Your Voice Says It All
How surprised would you be to discover that research on the human voice reveals that people prefer to hear information delivered by deeper voices? I have to say I was very surprised to discover this, particularly when you consider that most successful and popular singers are more often Tenors and Sopranos. But it's not quite as simple as just high and low when it comes to the sound, and specifically the pitch ( or musicality) of your voice.
Apparently vocal researchers have found that people with lower voices are perceived as more dominant, knowledgeable and attractive. When participants are asked to describe the owner of a lower voice they often guess that the person speaking is large and strong physically. Whereas those with higher voices are perceived as smaller, more submissive, creative, energetic but also more benevolent! Rosario Signorello at UCLA researched politicians and how they manipulate their voices to create an effect.

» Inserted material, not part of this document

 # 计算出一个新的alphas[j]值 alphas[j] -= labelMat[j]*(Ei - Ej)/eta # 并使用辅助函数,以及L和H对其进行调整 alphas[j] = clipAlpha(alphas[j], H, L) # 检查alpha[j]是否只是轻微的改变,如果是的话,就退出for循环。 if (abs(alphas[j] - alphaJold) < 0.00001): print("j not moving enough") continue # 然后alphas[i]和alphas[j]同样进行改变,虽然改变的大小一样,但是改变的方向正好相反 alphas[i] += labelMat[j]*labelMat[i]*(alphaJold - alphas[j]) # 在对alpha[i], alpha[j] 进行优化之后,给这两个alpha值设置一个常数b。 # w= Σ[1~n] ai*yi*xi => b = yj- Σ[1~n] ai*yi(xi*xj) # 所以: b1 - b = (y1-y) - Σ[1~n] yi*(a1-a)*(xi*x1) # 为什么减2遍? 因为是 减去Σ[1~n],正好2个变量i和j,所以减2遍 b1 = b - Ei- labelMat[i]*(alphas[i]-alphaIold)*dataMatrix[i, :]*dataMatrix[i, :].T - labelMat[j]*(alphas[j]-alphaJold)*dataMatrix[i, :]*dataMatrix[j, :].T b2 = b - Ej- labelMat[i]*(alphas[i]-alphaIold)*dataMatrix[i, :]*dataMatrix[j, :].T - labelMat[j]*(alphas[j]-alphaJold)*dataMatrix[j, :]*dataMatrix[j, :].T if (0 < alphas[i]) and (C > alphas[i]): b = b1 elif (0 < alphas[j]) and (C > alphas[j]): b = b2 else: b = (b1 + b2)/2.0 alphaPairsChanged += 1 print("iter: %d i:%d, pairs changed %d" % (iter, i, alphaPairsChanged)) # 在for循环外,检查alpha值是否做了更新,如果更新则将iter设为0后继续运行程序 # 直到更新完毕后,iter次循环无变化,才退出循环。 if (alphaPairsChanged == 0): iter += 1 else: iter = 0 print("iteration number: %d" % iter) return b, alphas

He said: "Political leaders have the ability to manipulate their voices in order to be recognised as dominant figures. The internal characteristics of a dynamic or charming leader are always perceived through voice. Leaders use a charismatic voice to arouse an emotional state in their listeners,"
There is also a cultural element when it comes to preferences of voice. For example, French participants preferred leaders with a medium vocal pitch, perceiving them as prudent, calm, trustworthy and fair. Whereas the Italian participants preferred a lower pitch, viewing this as a sign of authority, determination and even a little menacing.

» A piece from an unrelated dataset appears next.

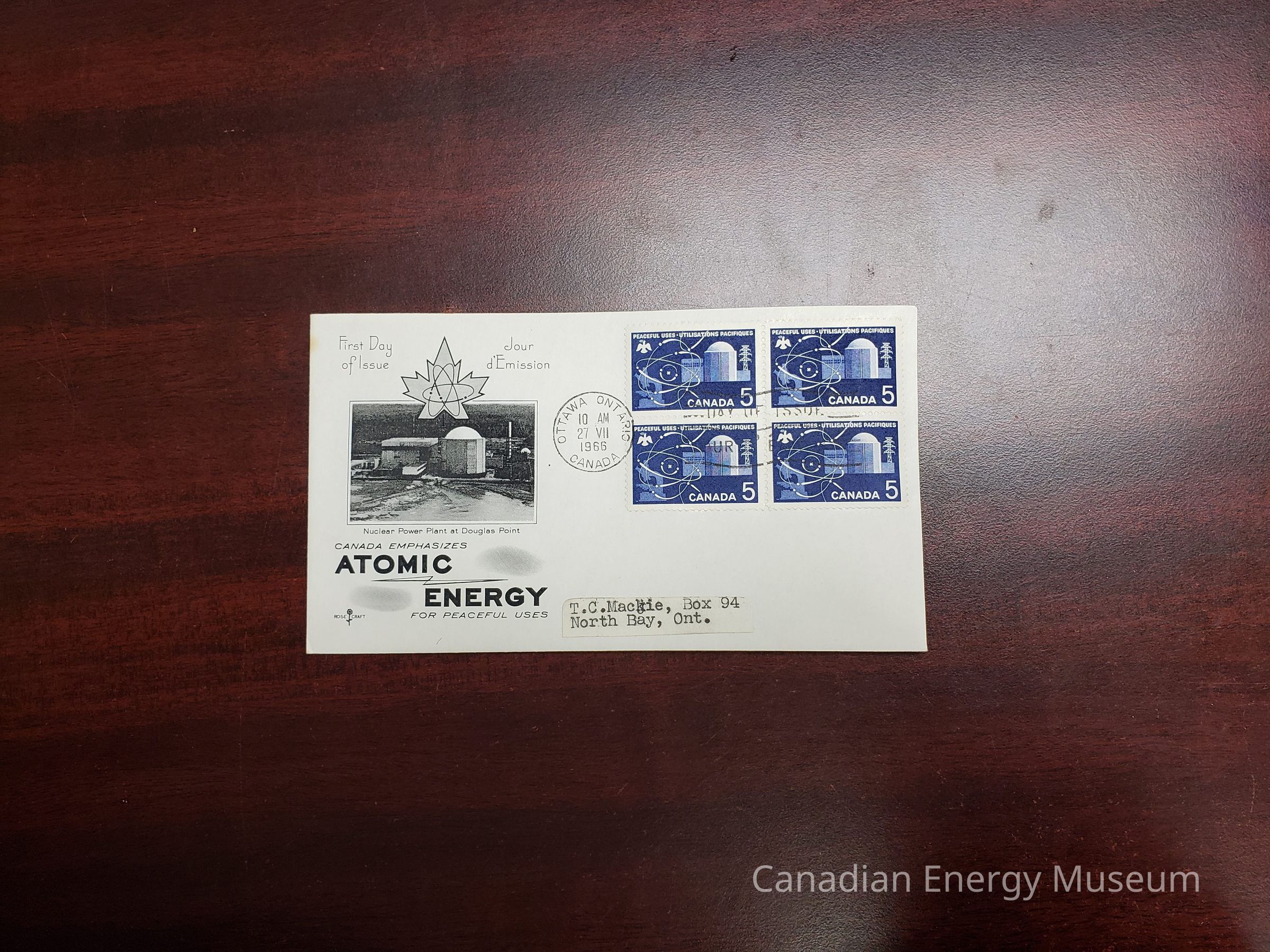 1960s, Nuclear, Atomic, Stamp, Postal Stamp, First Day Cover, Canada, Blue, First Day Issue, Ottawa, Post-WWII, Postwar, Paper, Paper Ephemera, Alternative Energy, Peace, Science, Douglas Point, Nuclear Power Plant, DoveDescription

Another study showed that lower voices are more easy to listen to and understand, particularly when we're trying to learn something. Psychiatrist Michael Hunter at the University of Sheffield monitored the brain activity of participants as they listened to voice recordings and found they processed lower pitched voices in a different region of the brain from high ones. Higher voices seem to stimulate an area of the brain used for processing complex sounds, like music and this is closely connected to the emotional centres. Lower voices activate the "mind's eye," a region of the brain used for visual imagery and the conceptual centres. This means that perhaps we become overstimulated emotionally when listening to a higher, musical voice and could get distracted from the content of what they're actually saying.
In another study published in 'Evolution and Human Behavior' researchers changed the pitch of archive recordings of US presidents, creating lower and higher versions of each voice. They then played the recordings to a group of people and asked them to rate the speakers' attractiveness, leadership potential, honesty, intelligence and dominance. They also asked subjects which version of the voice they would prefer to vote for. Every participant in the test group preferred the lower- pitched voices.The research suggested that it's actually the 'sound' of dominance that has the biggest impact on voter's decisions.
Finally, in the UK a poll was commissioned by Post Office Telecoms and carried out by University of Sheffield linguist Andrew Linn. Participants were played a mix of 50 male and female voices. The perfect female voice was revealed to be a combination of Mariella Frostrup and Dame Judi Dench and Alan Rickman, Jeremy Irons and Michael Gambon were the most popular male voices. In the same study researchers came up with a mathematical formula for the perfect voice. Apparently we should speak no more than 164 words per minute and pause for 0.48 seconds between sentences. So, if you want people to listen more intently to your dulcet tones, get your stop watch out and start practicing lowering, pausing and pacing your vocal delivery.